• **Work required**
When the listing below reaches the line that has "The Walrus Audio", start reproducing exactly; stop after the line that has "河流西侧为二期工程,包括40", and drop the pictures.

• **Supplied data**
※ ※ ※

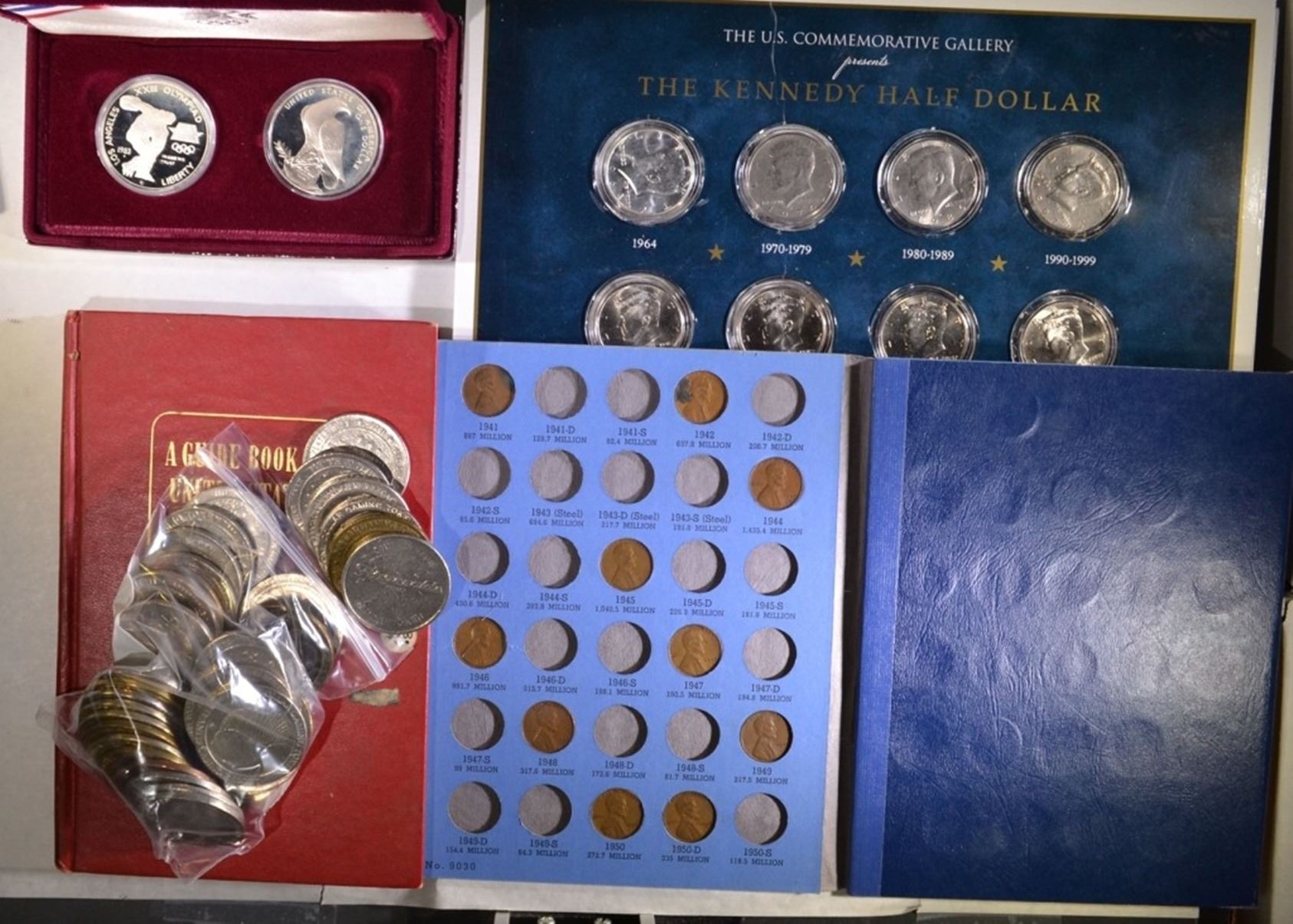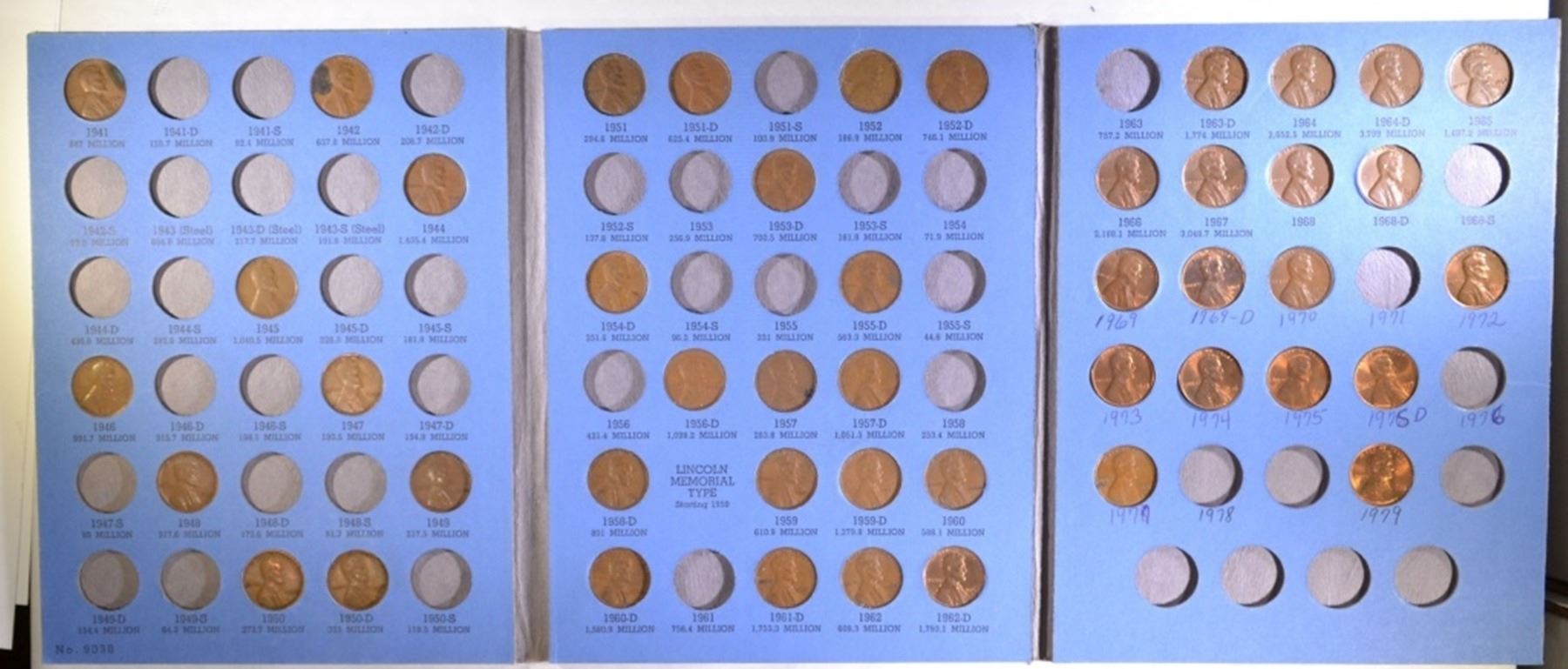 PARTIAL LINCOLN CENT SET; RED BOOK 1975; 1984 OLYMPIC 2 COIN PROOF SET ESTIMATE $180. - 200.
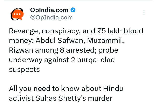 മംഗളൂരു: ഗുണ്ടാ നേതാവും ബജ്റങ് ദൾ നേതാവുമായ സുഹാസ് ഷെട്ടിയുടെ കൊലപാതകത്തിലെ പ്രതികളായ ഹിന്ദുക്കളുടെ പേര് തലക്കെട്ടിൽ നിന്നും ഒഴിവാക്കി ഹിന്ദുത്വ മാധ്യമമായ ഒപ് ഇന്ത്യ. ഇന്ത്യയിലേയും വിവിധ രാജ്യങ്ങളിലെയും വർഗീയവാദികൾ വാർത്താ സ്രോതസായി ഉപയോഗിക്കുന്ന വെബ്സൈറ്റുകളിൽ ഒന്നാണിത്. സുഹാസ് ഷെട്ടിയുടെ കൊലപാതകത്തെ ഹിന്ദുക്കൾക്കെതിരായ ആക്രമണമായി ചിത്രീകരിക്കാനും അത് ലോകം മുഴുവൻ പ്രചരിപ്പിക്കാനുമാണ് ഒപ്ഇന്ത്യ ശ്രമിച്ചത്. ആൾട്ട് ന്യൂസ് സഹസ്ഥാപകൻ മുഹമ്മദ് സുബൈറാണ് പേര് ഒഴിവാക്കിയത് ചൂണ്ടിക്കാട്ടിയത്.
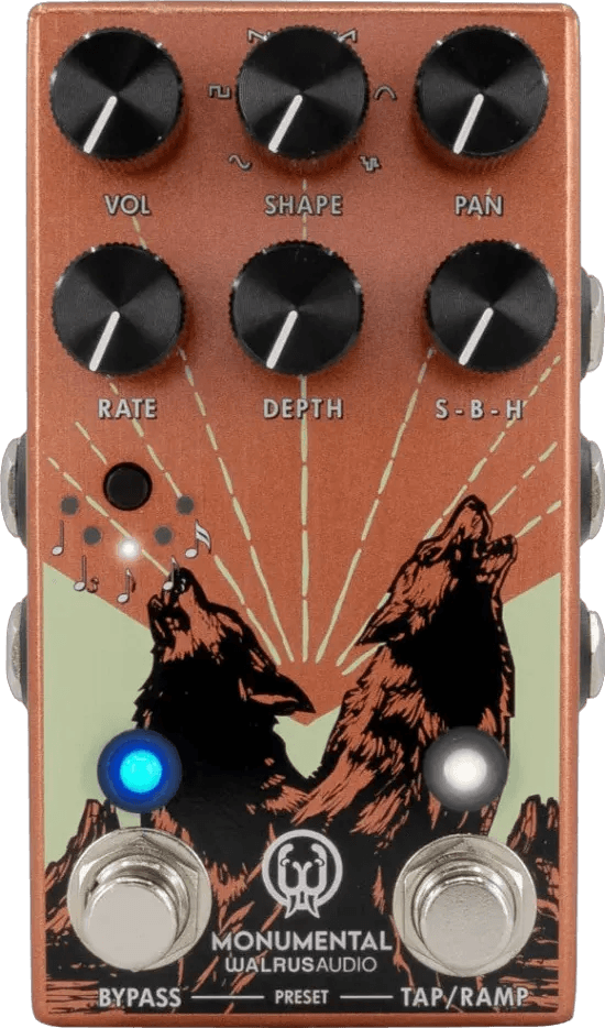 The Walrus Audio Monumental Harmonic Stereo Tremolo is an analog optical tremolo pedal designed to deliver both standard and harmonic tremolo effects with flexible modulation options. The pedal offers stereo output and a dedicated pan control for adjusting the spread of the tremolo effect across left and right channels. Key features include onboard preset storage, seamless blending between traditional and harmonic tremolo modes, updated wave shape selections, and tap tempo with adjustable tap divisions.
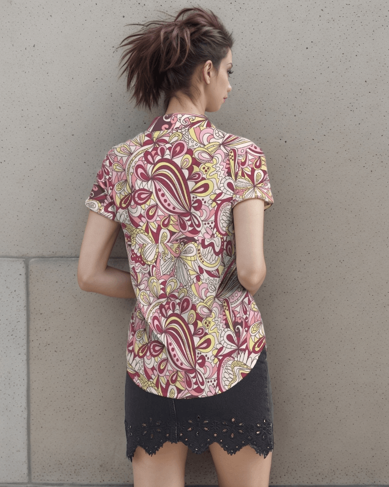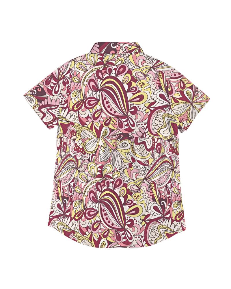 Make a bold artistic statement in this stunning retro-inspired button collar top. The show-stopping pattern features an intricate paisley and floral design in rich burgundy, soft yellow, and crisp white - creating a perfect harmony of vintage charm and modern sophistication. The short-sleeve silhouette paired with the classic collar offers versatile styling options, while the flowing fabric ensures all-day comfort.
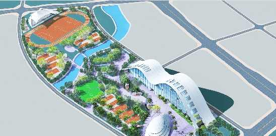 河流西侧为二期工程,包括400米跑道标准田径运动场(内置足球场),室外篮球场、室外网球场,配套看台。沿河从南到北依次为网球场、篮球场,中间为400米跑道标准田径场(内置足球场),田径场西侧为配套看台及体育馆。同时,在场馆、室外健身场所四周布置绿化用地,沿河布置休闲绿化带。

※ ※ ※

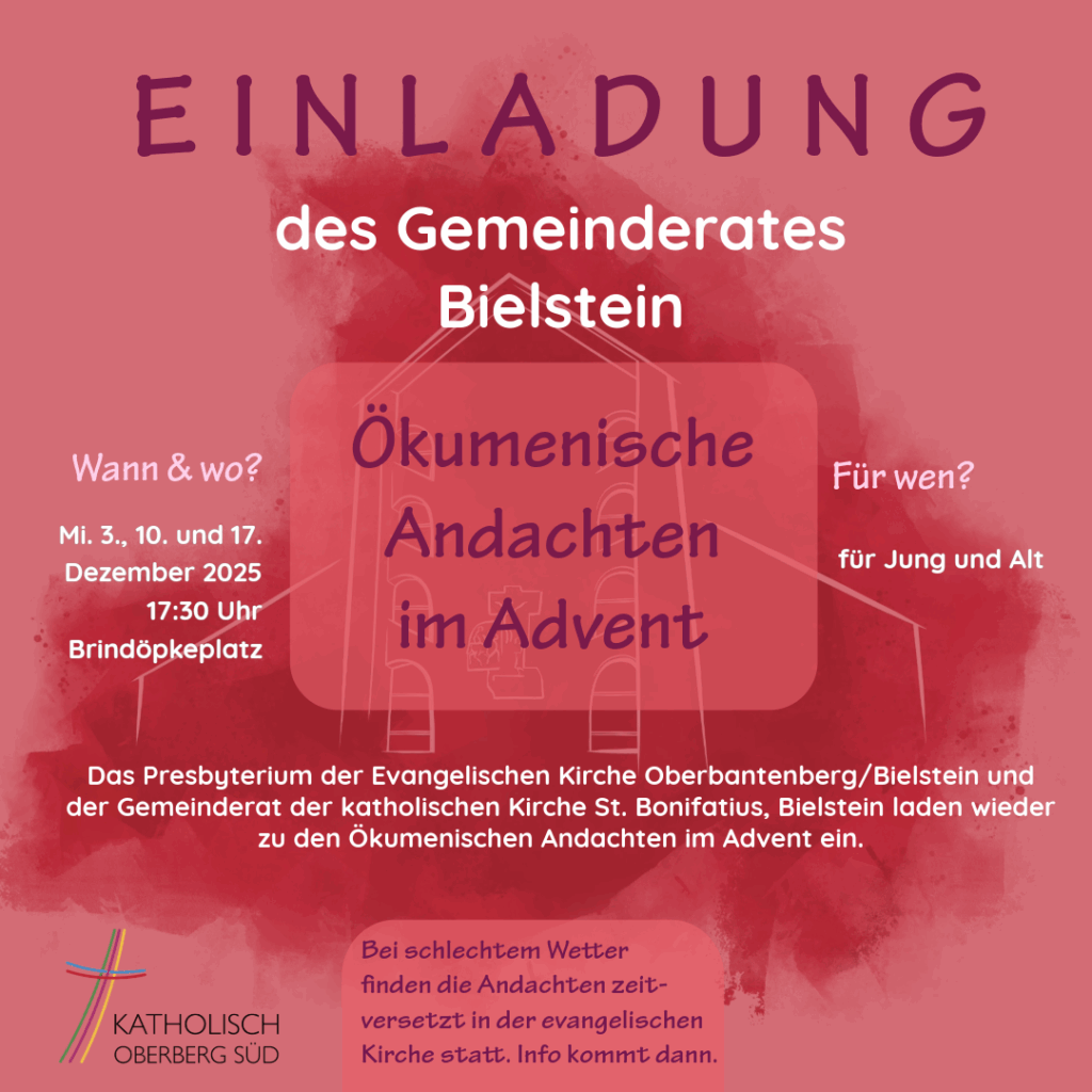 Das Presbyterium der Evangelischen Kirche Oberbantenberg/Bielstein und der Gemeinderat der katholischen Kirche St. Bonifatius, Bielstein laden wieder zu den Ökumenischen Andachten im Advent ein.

※ ※ ※

• **Your solution**
 The Walrus Audio Monumental Harmonic Stereo Tremolo is an analog optical tremolo pedal designed to deliver both standard and harmonic tremolo effects with flexible modulation options. The pedal offers stereo output and a dedicated pan control for adjusting the spread of the tremolo effect across left and right channels. Key features include onboard preset storage, seamless blending between traditional and harmonic tremolo modes, updated wave shape selections, and tap tempo with adjustable tap divisions.
 Make a bold artistic statement in this stunning retro-inspired button collar top. The show-stopping pattern features an intricate paisley and floral design in rich burgundy, soft yellow, and crisp white - creating a perfect harmony of vintage charm and modern sophistication. The short-sleeve silhouette paired with the classic collar offers versatile styling options, while the flowing fabric ensures all-day comfort.
 河流西侧为二期工程,包括400米跑道标准田径运动场(内置足球场),室外篮球场、室外网球场,配套看台。沿河从南到北依次为网球场、篮球场,中间为400米跑道标准田径场(内置足球场),田径场西侧为配套看台及体育馆。同时,在场馆、室外健身场所四周布置绿化用地,沿河布置休闲绿化带。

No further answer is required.